Global themes and global settings

The last plot looks somewhat like a default ggplot2 plot, but not completely
This is because certain other (non-graphical) settings are also different
Many of these can be customized through a global “options” setting
- The main interface is through lattice.options()
- Can be temporarily modified through the optional argument lattice.options
- The latter is preferred unless you want to change the settings globally

Global themes and global settings

trellis.device(new = FALSE, retain = FALSE) # reset to default theme
xyplot(MPG.highway ~ Weight, data = Cars93, groups = Cylinders, 
       auto.key = list(space = "right", title = "Cylinders"),
       par.settings = ggplot2like(), lattice.options = ggplot2like.opts())

plot of chunk unnamed-chunk-15

Global themes and global settings

xyplot(MPG.highway ~ Weight, data = Cars93, groups = Cylinders, 
       par.settings = custom.theme(hcl.colors(6, "Dark 3"), pch = 16, cex = 1.2, alpha = 0.5),
       auto.key = list(space = "right", title = "Cylinders")) # user-provided colors

plot of chunk unnamed-chunk-16

Themes and legends in other high-level plots

barchart(Cause ~ Rate | Status, data = USMortality, groups = Sex)

plot of chunk unnamed-chunk-17

Themes and legends in other high-level plots

barchart(Cause ~ Rate | Status, data = USMortality, groups = Sex, auto.key = list(columns = 2), 
         origin = 0, par.settings = custom.theme(fill = hcl.colors(2, "Pastel 1")))

plot of chunk unnamed-chunk-18

Themes and legends in other high-level plots

barchart(reorder(Cause, Rate) ~ Rate | Sex, data = USMortality, groups = Status, 
         auto.key = list(columns = 2), origin = 0, stack = TRUE, 
         par.settings = custom.theme(fill = hcl.colors(2, "Pastel 1")))

plot of chunk unnamed-chunk-19

Themes and legends in other high-level plots

dotplot(reorder(Cause, Rate, mean) ~ Rate | Sex, data = USMortality, groups = Status, 
        auto.key = list(columns = 2), 
        par.settings = custom.theme(pch = 16, col = hcl.colors(2, "Dark 3")))

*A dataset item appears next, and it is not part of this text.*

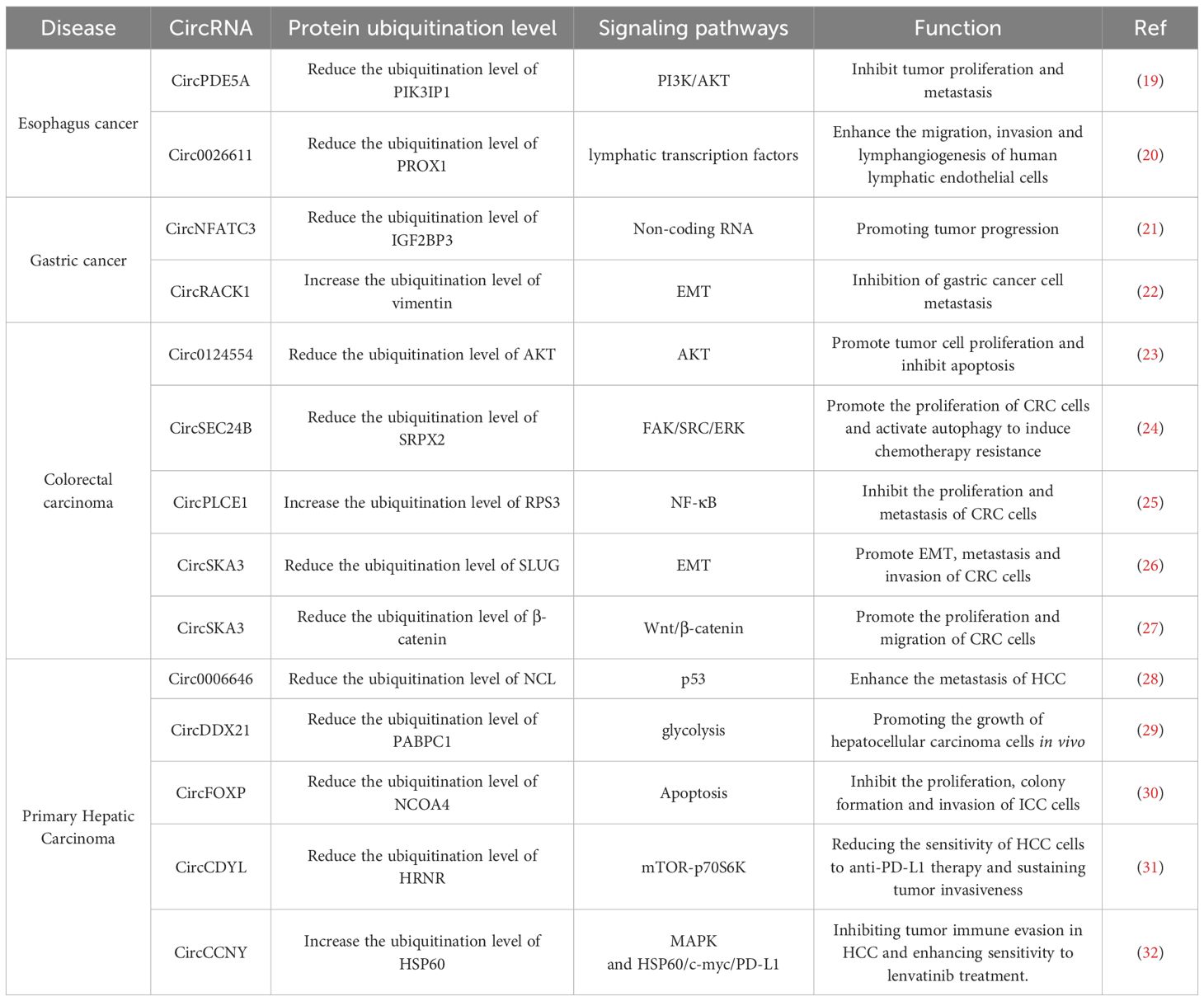 Gastrointestinal cancers include esophageal cancer (EC), gastric cancer (GC), hepatocellular carcinoma (HCC), cholangiocarcinoma (CCA), pancreatic cancer (PC) and colorectal cancer (CRC). Recent reports indicate that circRNAs exhibit abnormal expression in gastrointestinal neoplasms. CircRNAs with abnormal expression influence gastrointestinal cancer through modulating multiple mechanisms (18). Multiple circRNAs have been identified to affect gastrointestinal cancers development through regulating ubiquitination of crucial oncoproteins or tumor suppressive proteins (Figures 1, 2, Table 1).

plot of chunk unnamed-chunk-20

Displaying tables: bar charts vs dot plots

The last few plots are typical visualizations of cross-tabulated (group-wise summary) data
The previous plot is known as a Cleveland dot plot
Recommended by Cleveland because
- Barcharts encode data by both position and length, which is redundant
- Position is better encoding of a quantity than length (Cleveland and McGill 1984; Heer and Bostock 2010)
Cleveland also recommends reordering categories by outcome when there is no inherent ordering
This is accomplished by the reorder() function

Finer control of scales

So far we have used the default scales / axes, but we may want to customize these as well
This is achieved using the scales argument, which does three things
- Control how range of data in individual panels are combined
- Whether an axis is log-transformed
- How the axis is annotated (with tick marks and labels)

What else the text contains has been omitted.